# Qashqai won’t start



## Aescilus (May 1, 2019)

Hi so had the car two years now and have had no problems until now.

Was at work the other day and went to start the car and nothing... ignition comes on fine but when turning the key to start the car there is nothing. 

Called recovery to see if they could figure it out and they suspected the battery, changed and nope same problem. 

I thought it may be the key so called out a mobile locksmith who reprogrammed the key and it worked! 

Drove the car for another two days and it’s happened again, locksmith came out again reprogrammed the key but it did not work. 

I could really do with your help, I have also seen that it may be faulty BCM fuses which I have changed and it may also be a faulty BCM? It may be a faulty earth cable? 

I have uploaded a video to show you what happens, as soon as you turn the key to start the engine there is nothing and even turns the radio off while your holding the key down until you let go.
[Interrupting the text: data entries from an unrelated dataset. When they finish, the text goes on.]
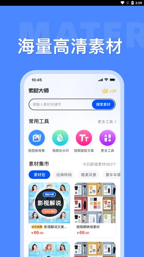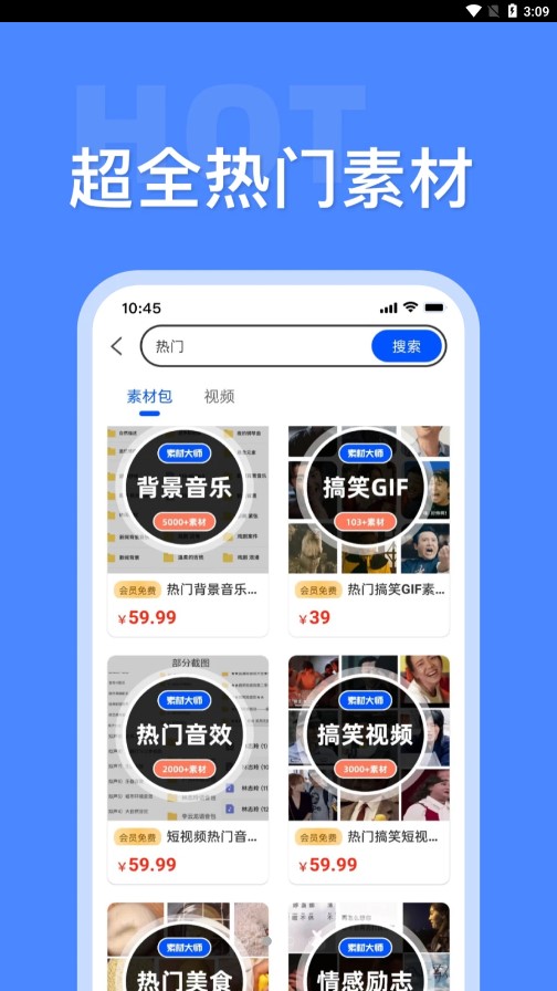 素材大师app,一款拥有大量素材的创作平台,各种创作工具尽在其中,完全免费,支持图片编辑、视频编辑去水印等功能,为用户带来更便捷的创作服务,让视频、图片编辑更轻松。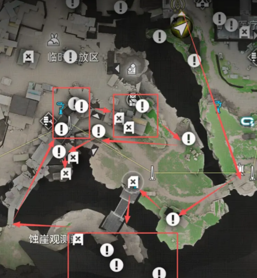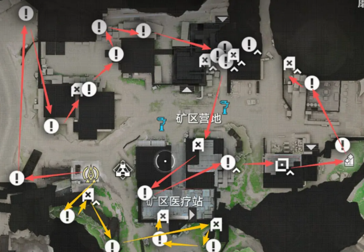 深入矿区内部后,资源密度显著提升。第二层高台区域可见醚质12;第三层屋顶瞭望台配置醚质11,建议在攀爬楼梯过程中主动观察顶部边缘与悬空平台,此类位置常设隐藏资源。营地外围的矿脉通路是另一重点区域,醚质9与醚质14均位于此带,推荐从集装箱滑索后方入口切入,路径连贯且标识清晰。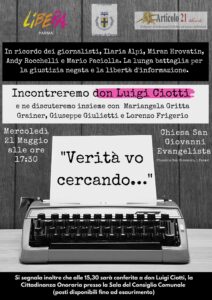Raccontare il ruolo del giornalismo nella battaglia contro le mafie e ricordare i cronisti morti nel mondo sarà il tema dell’intervento – aperto al pubblico fino ad esaurimento dei posti disponibili – che, mercoledì 21 maggio dalle 17,30 vedrà protagonista Don Luigi Ciotti – insieme al Comune di Parma, la Biblioteca Ilaria Alpi, Libera Parma e Art. 21 – nella Chiesa di San Giovanni Evangelista a Parma con l’intento di ricordare anche tre professionisti dell’informazione vittime di attentati.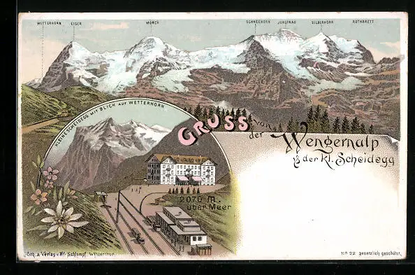 Lithographie Wengernalp, Kleine Scheidegg mit Blick auf Wetterhorn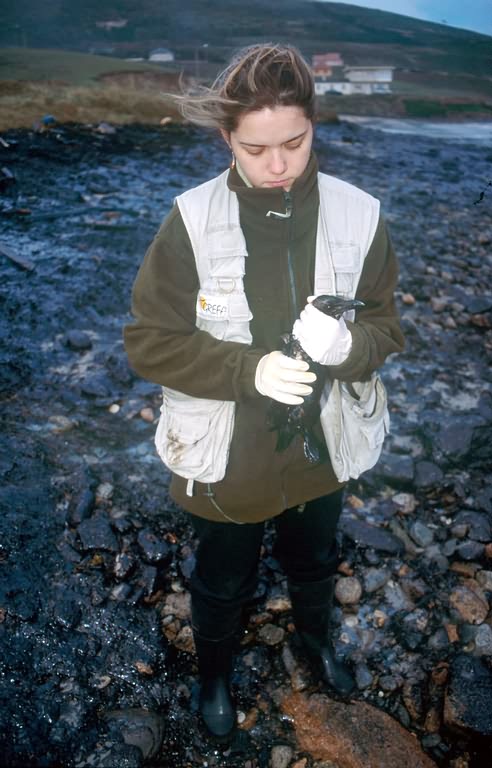 GREFA fue informada al poco de entrar el Prestige en las aguas de la costa gallega con la intención de que fuera preparando un operativo de rescate y salvamento de aves marinas en caso de que el petrolero terminara provocando un vertido. Finalmente el vertido se produjo cuando GREFA ya estaba sobre el terreno en las rías bajas. En este momento fue requerida la presencia y ayuda del IFAW , grupo experto en el tratamiento de animales marinos petroleados. Os recordamos que GREFA ya había trabajado anteriormente en los vertidos llevados a cabo durante la primera guerra del del golfo, Kuwait y Arabía Saudi, y en el vertido del petrolero "Mar Egeo".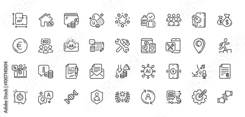 Loan house, Chemistry dna and Stars line icons pack. AI, Question and Answer, Map pin icons. Ranking, Attachment, Click hands web icon. Agreement document, Augmented reality, Repair pictogram. Vector

https://youtu.be/aaE4o_7tqMo

Thanks


----------



## jasmondelle (Jul 22, 2019)

I had the same problem too and still couldn't figure out what is the exact issue


----------



## Aescilus (May 1, 2019)

Hi! I found the problem for me, it was the earth! disconnect the battery and on the drivers side section of the engine bay there is an Earth cable, unbolt this, sand the surface below down to expose bare metal and then reconnect the earth cable, also check around the engine for any other earth cables and do the same, car has been fine since


----------



## Aescilus (May 1, 2019)

I also found a broken earth lead under the battery tray 

https://ibb.co/F0DprHr
https://ibb.co/dLvKHF6
https://ibb.co/Gf60Cmg

I just removed it and didn’t replace and car was fine without it, just did the Earth cable opposite side of bay


----------



## rogoman (Dec 16, 2004)

It looks like that broken ground lead connects the battery tray to the chassis. It's there to insure that there's no stray voltage difference between the tray and body ground.


----------



## Chris.shears (Oct 13, 2021)

Same problem..interior lights stopped working as I plugged in a new led globe.car won't start.lights not on.everything else works.checked all fuses..2013 CVT 2l.


----------